A dangerous Android Malware ‘Loapi’ that can explode your phone


The latest threat in Android world has been spotted and its a Trojan malware called Loapi, which has been termed as a jack of all trades to emphasize the breadth of nefarious things it can do.

Most notably, Loapi apps contain a module that mines Monero, a newer type of digital currency that’s less resource intensive than Bitcoin and most other crypto currencies.

Loapi, the malicious software, is so power-hungry that it can overheat your battery and fry your phone. The virus physically destroyed the Kaspersky Lab test phone just two days after being infected with it as claimed by Cybersecurity firm Kaspersky Lab

Kaspersky Lab wrote detailing how Loapi works and the range of pernicious activities it can carry out. “Because of the constant load caused by the mining module and generated traffic, the battery bulged and deformed the phone cover,”.

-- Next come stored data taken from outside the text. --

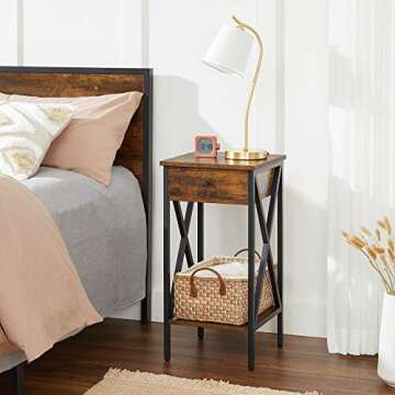 Show moreThe VASAGLE Tall Nightstand with Drawer and Storage Shelf is the perfect blend of modern elegance and rustic charm. Crafted by VINCYER, this end table showcases a beautiful combination of warm rustic brown and sleek matte black, embodying an industrial ambiance that enhances any bedroom décor. Designed not only to be stylish but also practical, it features a robust steel X frame paired with durable particleboard, ensuring both stability and sophistication. With a height of 27.6 inches, its optimal design allows it to fit comfortably beside your bed, providing the right amount of storage without overpowering your space.
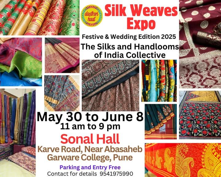 पुणे .देशभर के २० राज्यों के कुशल कारीगरों द्वारा बनाए गए हस्तनिर्मित कपड़े, साड़ियाँ, शॉल और गलीचे आदि का प्रदर्शन करने वाली ‘दस्तकारी हाट सिल्क वीव्स एक्सपो’ ३० मई से ०८ जून २०२५ तक सोनल हॉल (एरंडवणे, कर्वे रोड) में आयोजित किया जाएगा। यह प्रदर्शनी प्रतिदिन सुबह ११ बजे से रात ९ बजे तक खुली रहेगी। इस विशेष प्रदर्शनी में बनारसी सिल्क, लिनन, कॉटन और पारंपरिक उत्सव परिधानों के बेहतरीन प्रकार प्रदर्शित किए जाएंगे। साड़ियाँ, ड्रेस मटेरियल, सूट, कुर्ते, शॉल और विभिन्न प्रकार के हस्तनिर्मित वस्त्र इस कार्यक्रम में प्रदर्शित और उपलब्ध होंगे। विभिन्न राज्यों की पारंपरिक एवं आधुनिक तकनीकों का संगम इस प्रदर्शनी में एक ही छत के नीचे देखने को मिलेगा। भारत के अलग-अलग हिस्सों से लाए गए रेशमी और सूती वस्त्रों के ७० से अधिक स्टॉल्स इस प्रदर्शनी में होंगे।
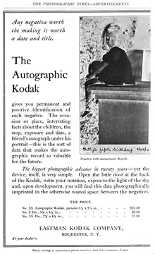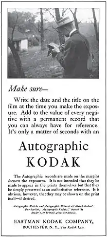 Kodak's autographic films had "A" as the first part of the film size designation. Thus, standard 122 film would be labeled "122" and autographic 122 would be "A122". Autographic roll film sizes were A116, A118, A120, A122, A123, A126, A127, and A130.[1] The autographic feature was marketed as having no extra charge.[2] In 1915, Kodak also sold upgrade autographic backs for their existing cameras.[3]
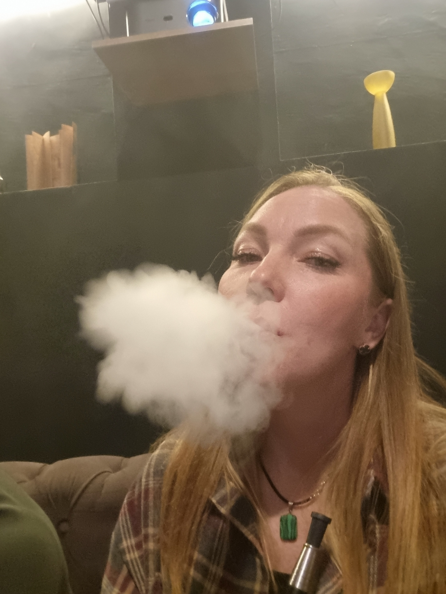 This image, taken in Chaikovsky, Russia, shows a close-up, angled view of a person with long blonde hair, exhaling a large cloud of white vapor. The person's face is visible, with eyes partially close…read more

Loapi is Trojan malware that is most commonly picked up by users who click on ad banner advertising in adult content apps. Pop up advertisements for fake anti-virus software is also a common vehicle for the malware.

Once on the phone, Loapi constantly asks for administrator rights. “It doesn’t take no for an answer; notification after notification appears on the screen until the desperate user finally gives in and taps OK,” Kaspersky Lab explained.

The insidious app even shuts down the settings window and locks the screen if the person tries to deny it administrator rights. If the user tries to download anti-virus software to protect the phone, Loapi flags it as malware and demands it be removed.

After seizing administrator rights, the versatile malware manipulates the phone into carrying out a number of functions including mining the Monero cryptocurrency, signing the phone’s owner up to paid subscription services, plaguing them with more ads and even turning the phone into a zombie to be used in DDoS attacks.

“We’ve never seen such a ‘jack of all trades’ before,” Kaspersky Lab researchers wrote. Later in the post, they added: “The only thing missing is user espionage, but the modular architecture of this Trojan means it’s possible to add this sort of functionality at any time.”